Problem to work on: Locate "以上就是關于加盟全屋定制扶持" in the data below, then output the line it is on and all following lines through the last, word for word. Skip any pictures.

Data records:
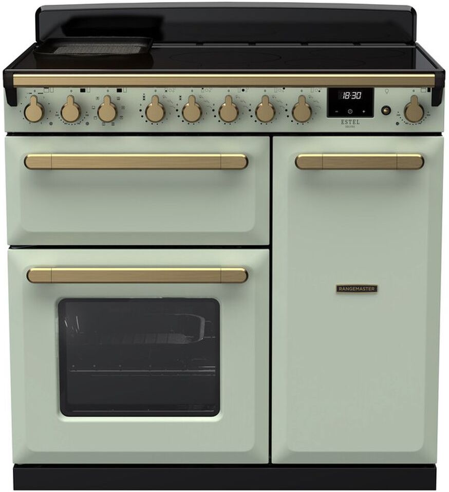 Rangemaster Estel Deluxe 90cm Wide Induction Range Cooker - Mint / Antique Brass
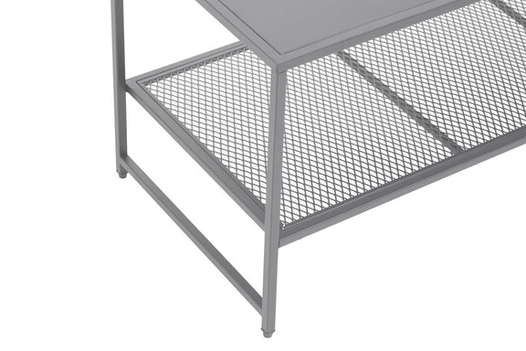 Acero grey powder coated coffee table with mesh shelf
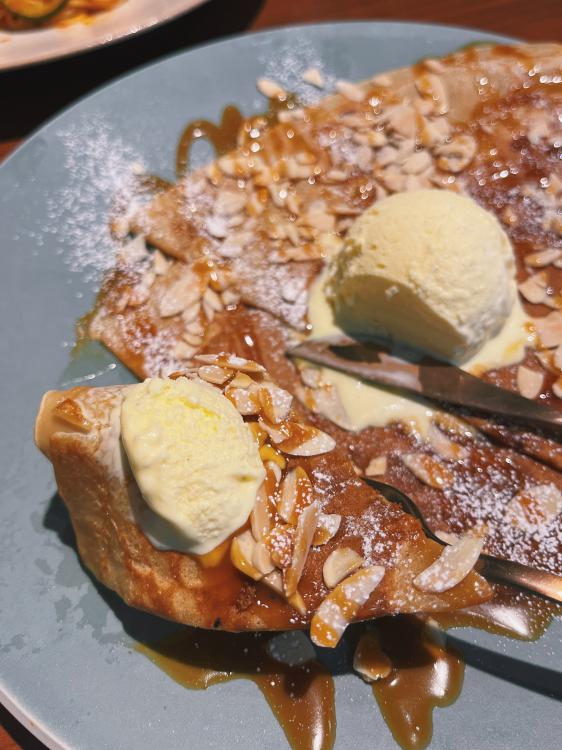 もっちりな生地に自家製のキャラメルソースと、バニラアイスをのせて。たっぷりのったアーモンドは食感が楽しくて、美味しくて、クレープ欲がどんどん満たされていく。。
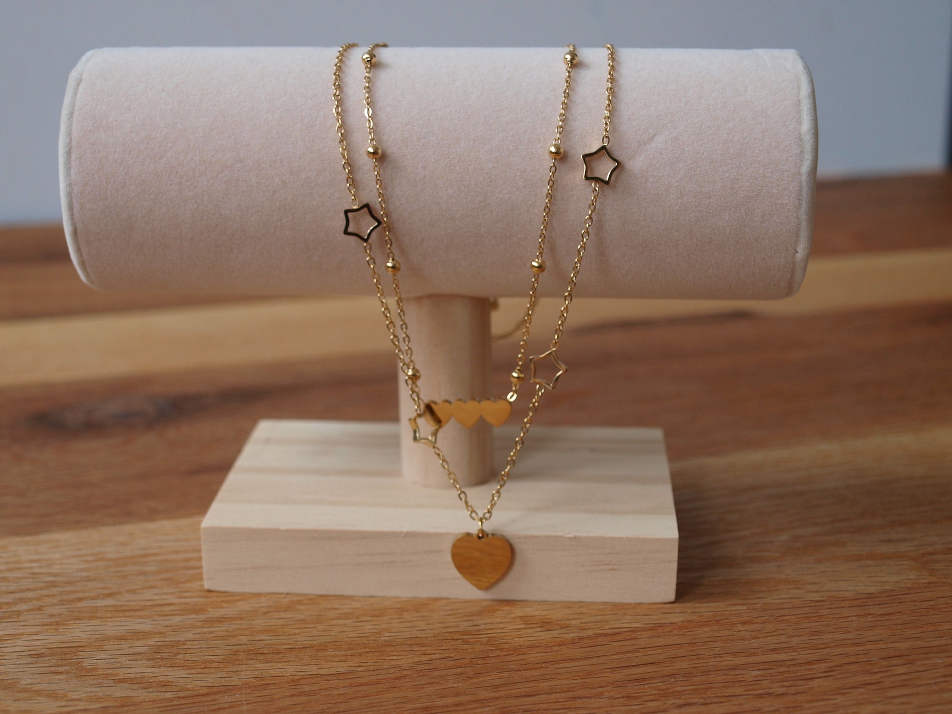 Ova šarmantna ogrlica u dva niza donosi dozu razigranosti i elegancije svakom vašem izgledu. Ukrašena je sitnim srcima, zvjezdicama i malim zlatnim kuglicama, što joj daje jedinstven i privlačan sjaj. Savršena je za one koji vole dodati malo čarolije svojim svakodnevnim kombinacijama. Pozlata joj osigurava dugotrajnost i prekrasan sjaj koji će trajati kroz sve prilike.
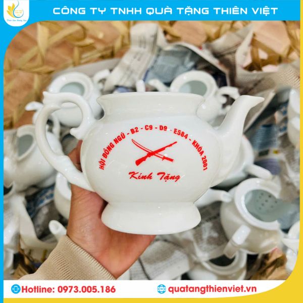 Đặt ấm chén in logo tại Quà Tặng Thiên Việt, bạn hoàn toàn yên tâm về chất lượng. Với quy trình sản xuất chuyên nghiệp, chúng tôi đảm bảo mang đến sản phẩm ấm chén in logo chất lượng cao, đẹp mắt và bền bỉ trong thời gian dài sử dụng.
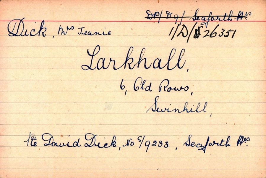 A Dependant's Pension Record Card and Pension Address Card shows that his mother was living at 6 Old Rows, Swinhill, By Larkhall.
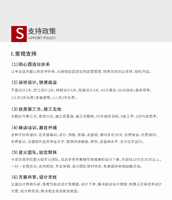 以上就是關于加盟全屋定制扶持方面的介紹了,當然每個品牌的扶持政策都是不一樣的,具體還是要以實際情況為準。加盟全屋定制選擇卡諾亞定制家居品牌,可免加盟費,送裝修,返樣板,并提供了全面的扶持政策,加盟開店全程都有專業人員為你服務,專業優秀的成熟團隊,幫助專賣店快速成長,讓投資者的店面在市場上更具優勢,獲利有所保障。 想要了解具體的扶持政策可咨詢在線客服。
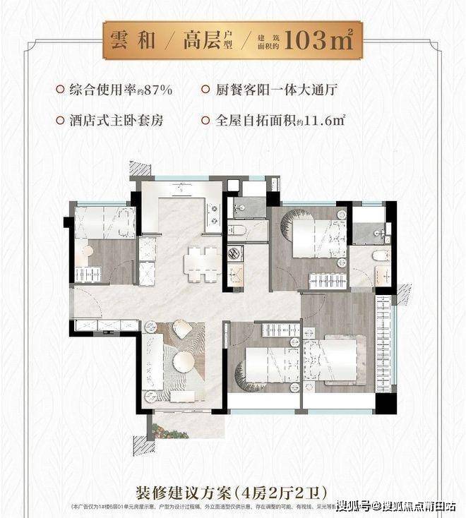 1号楼预售单价4.91万/㎡起!积有面95㎡三房两厅和103-116㎡四房两厅三个户型,86-89%的超高得房率。

Answer to this problem:
 以上就是關于加盟全屋定制扶持方面的介紹了,當然每個品牌的扶持政策都是不一樣的,具體還是要以實際情況為準。加盟全屋定制選擇卡諾亞定制家居品牌,可免加盟費,送裝修,返樣板,并提供了全面的扶持政策,加盟開店全程都有專業人員為你服務,專業優秀的成熟團隊,幫助專賣店快速成長,讓投資者的店面在市場上更具優勢,獲利有所保障。 想要了解具體的扶持政策可咨詢在線客服。
 1号楼预售单价4.91万/㎡起!积有面95㎡三房两厅和103-116㎡四房两厅三个户型,86-89%的超高得房率。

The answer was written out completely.